Beijing, July 29, 2024 – A research team led by Professor Zhancheng Guo from the State Key Laboratory of Advanced Metallurgy, University of Science and Technology Beijing, has achieved a major breakthrough in the development of fine metal mask (FMM) materials for OLED displays. Their work, which provides key technological advances in fabricating near-zero expansion Invar alloy films, was recently published on the cover of Journal of Materials Chemistry C (Royal Society of Chemistry).

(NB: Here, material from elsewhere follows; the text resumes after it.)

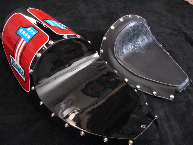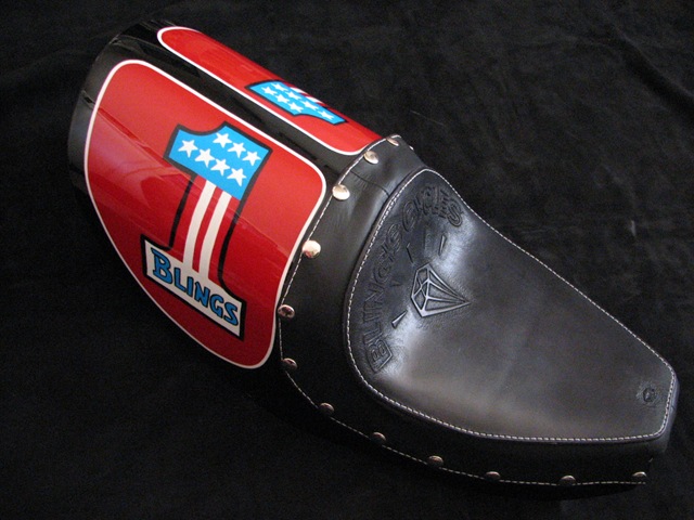 Earlier this month Duane was asked to form a seat for Bill Dodge’s, of Bling’s Cycles, new Café Racer project. Most café style seats are just made out of a piece of foam, covered with vinyl and attached with snaps. Duane has created a full seat, starting off with a custom pan, then shapes and forms the foam for your comfort. The top is made out of 7 oz #1 grade cowhide that can be tooled with anything you desire.

Addressing OLED Industry Challenges

OLED displays, widely used in high-definition smartphones and TVs, rely on fine metal masks to precisely deposit organic light-emitting materials. To meet industry requirements, FMMs must maintain micro-scale dimensional accuracy at operating temperatures, with edge roughness below one micron and thermal expansion coefficients less than 1.5 × 10⁻⁶. However, conventional Invar alloy masks have struggled to meet these stringent demands due to microstructural inhomogeneity and processing limitations.

Innovative Electrodeposition Method

To overcome these challenges, Guo’s team developed an electrodeposition and hydrogen annealing technique that effectively controls impurity levels, grain size, and inclusion formation. By refining process parameters over more than five years of research, the team succeeded in producing near-zero expansion Invar alloy films with uniform microstructure and exceptionally low thermal expansion coefficients.

This innovative approach enables stable preparation of Invar alloy films with edge roughness below one micron—meeting the global benchmark for OLED mask performance. Notably, the electrodeposited films achieved a thermal expansion coefficient as low as 1 × 10⁻⁶, setting a new standard for high-precision applications.

International Recognition

The research was prominently featured by the Royal Society of Chemistry, highlighting its significance for next-generation OLED manufacturing. The paper, titled “Fabrication of low thermal expansion coefficient electrodeposited Invar alloy films by hydrogen annealing for OLED fine metal masks” (DOI: 10.1039/D4TC00910A), showcases how fundamental advances in alloy processing can address pressing technological bottlenecks in display technologies.